DATA SEGMENT section start

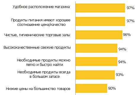Однако чистые, гигиенические торговые залы (96%), наличие всех необходимых продуктов в одном магазине (94%), а также возможность быстро и просто найти необходимые продукты (94%) играют также очень большое значение.
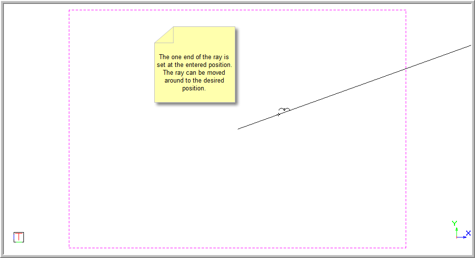 - Move to the desired point by moving the cursor, or using the jump or snap functions. Now click or press [Enter] over the desired start position. The ray is drawn in from the entered point and can be moved around.
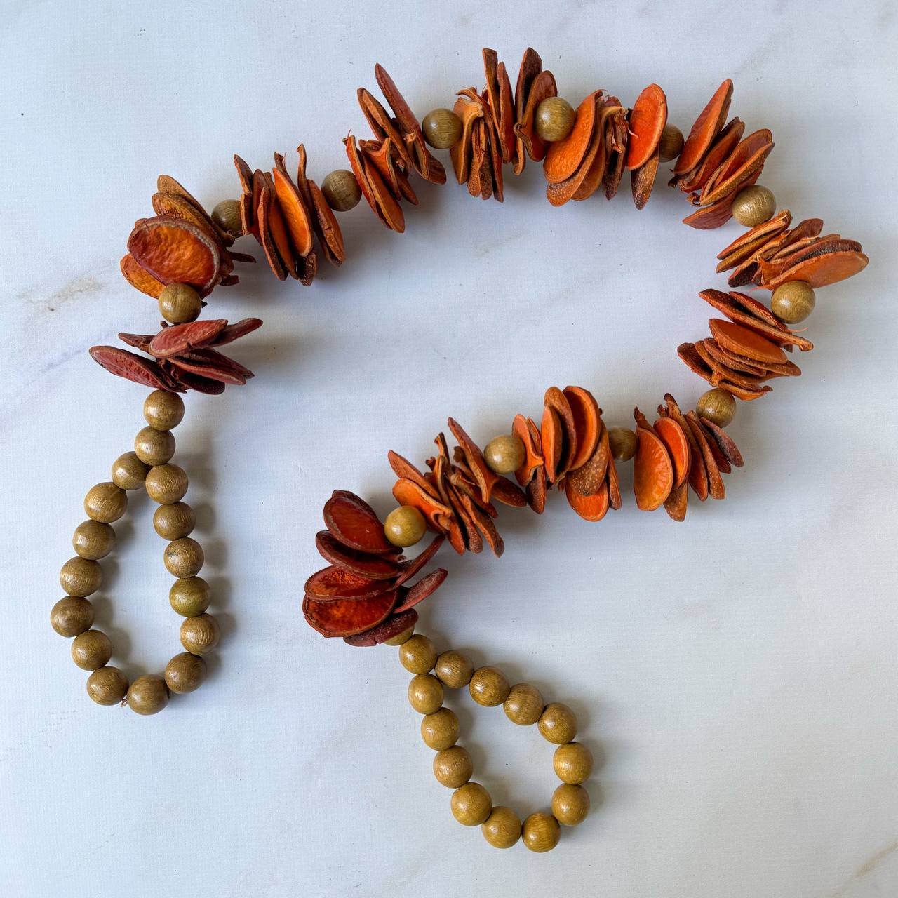 Este colar de mesa é uma peça decorativa artesanal com estética rústica e natural. Ele combina contas arredondadas de madeira clara com grandes elementos orgânicos feitos de pétalas secas — cascas ou sementes naturais — que formam volumes florais irregulares e cheios de textura.

DATA SEGMENT section end

» **PROBLEM DESCRIPTION**: Leave out every picture, and copy exactly the lines from the line that contains "- Move to the" through the end of the material.

» **EXERCISE ANSWER**:
 - Move to the desired point by moving the cursor, or using the jump or snap functions. Now click or press [Enter] over the desired start position. The ray is drawn in from the entered point and can be moved around.
 Este colar de mesa é uma peça decorativa artesanal com estética rústica e natural. Ele combina contas arredondadas de madeira clara com grandes elementos orgânicos feitos de pétalas secas — cascas ou sementes naturais — que formam volumes florais irregulares e cheios de textura.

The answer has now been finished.